◆ **The data**
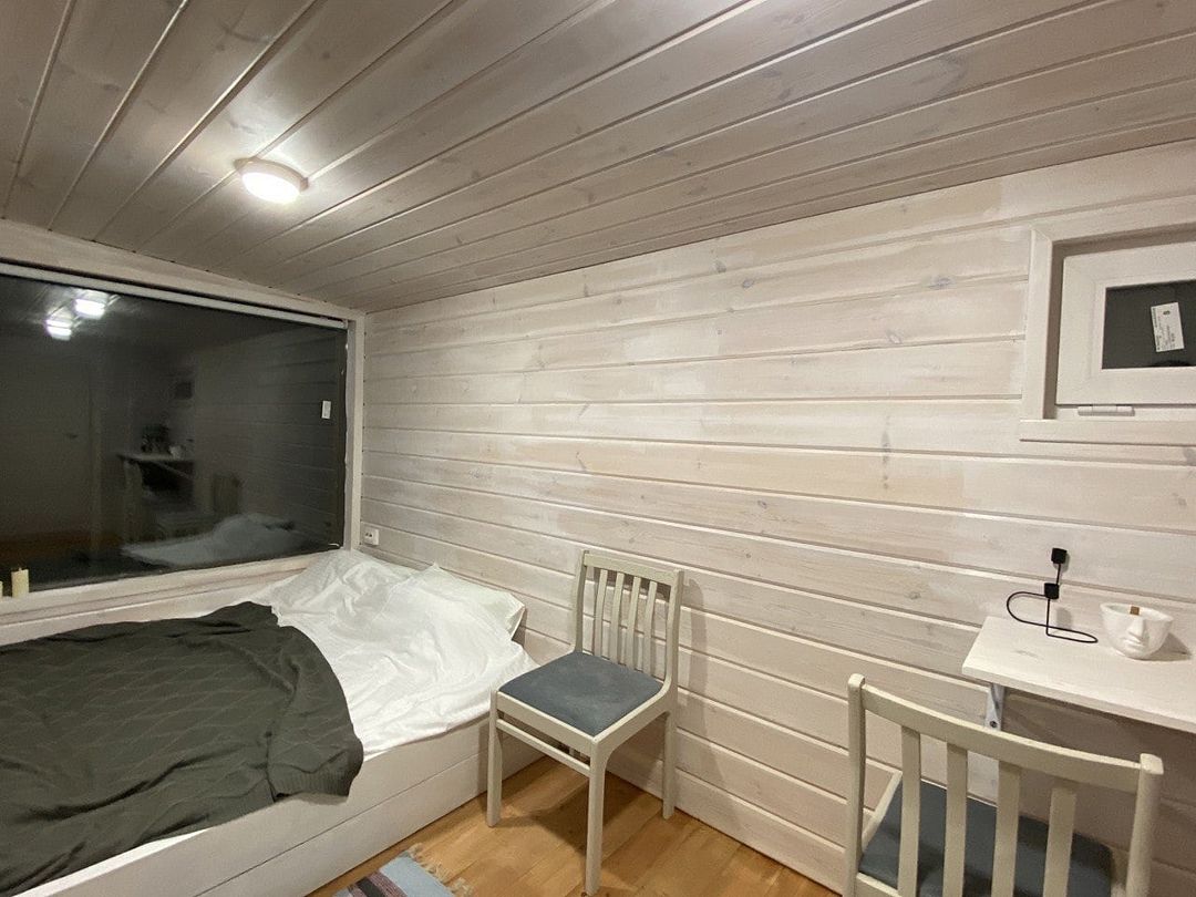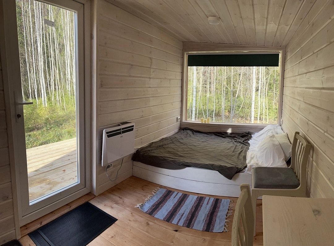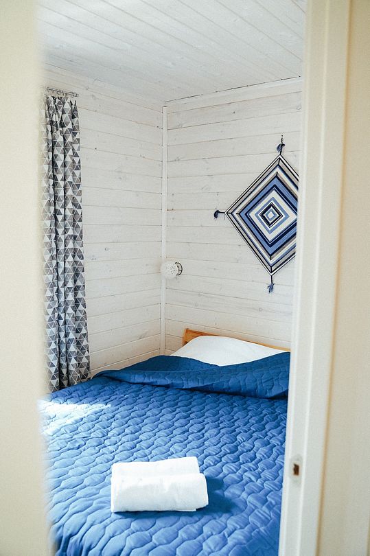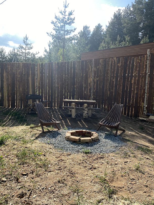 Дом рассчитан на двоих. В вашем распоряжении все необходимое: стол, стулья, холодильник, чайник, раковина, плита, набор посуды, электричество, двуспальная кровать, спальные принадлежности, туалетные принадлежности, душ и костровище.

* * *

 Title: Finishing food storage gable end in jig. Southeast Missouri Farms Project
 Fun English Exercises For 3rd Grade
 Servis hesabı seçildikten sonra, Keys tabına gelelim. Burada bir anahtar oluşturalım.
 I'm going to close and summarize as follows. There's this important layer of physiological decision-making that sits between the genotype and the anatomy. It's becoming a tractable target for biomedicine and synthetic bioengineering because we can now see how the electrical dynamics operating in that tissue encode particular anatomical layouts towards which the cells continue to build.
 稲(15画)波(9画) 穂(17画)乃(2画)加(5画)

◆ **What to produce**
Within the data above, the span starting at the line containing "Fun English Exercises For 3rd Grade" and ending at the line containing "稲(15画)波(9画) 穂(17画)乃(2画)加(5画)" is to be retyped exactly, with no other lines.

◆ **Response box**
 Fun English Exercises For 3rd Grade
 Servis hesabı seçildikten sonra, Keys tabına gelelim. Burada bir anahtar oluşturalım.
 I'm going to close and summarize as follows. There's this important layer of physiological decision-making that sits between the genotype and the anatomy. It's becoming a tractable target for biomedicine and synthetic bioengineering because we can now see how the electrical dynamics operating in that tissue encode particular anatomical layouts towards which the cells continue to build.
 稲(15画)波(9画) 穂(17画)乃(2画)加(5画)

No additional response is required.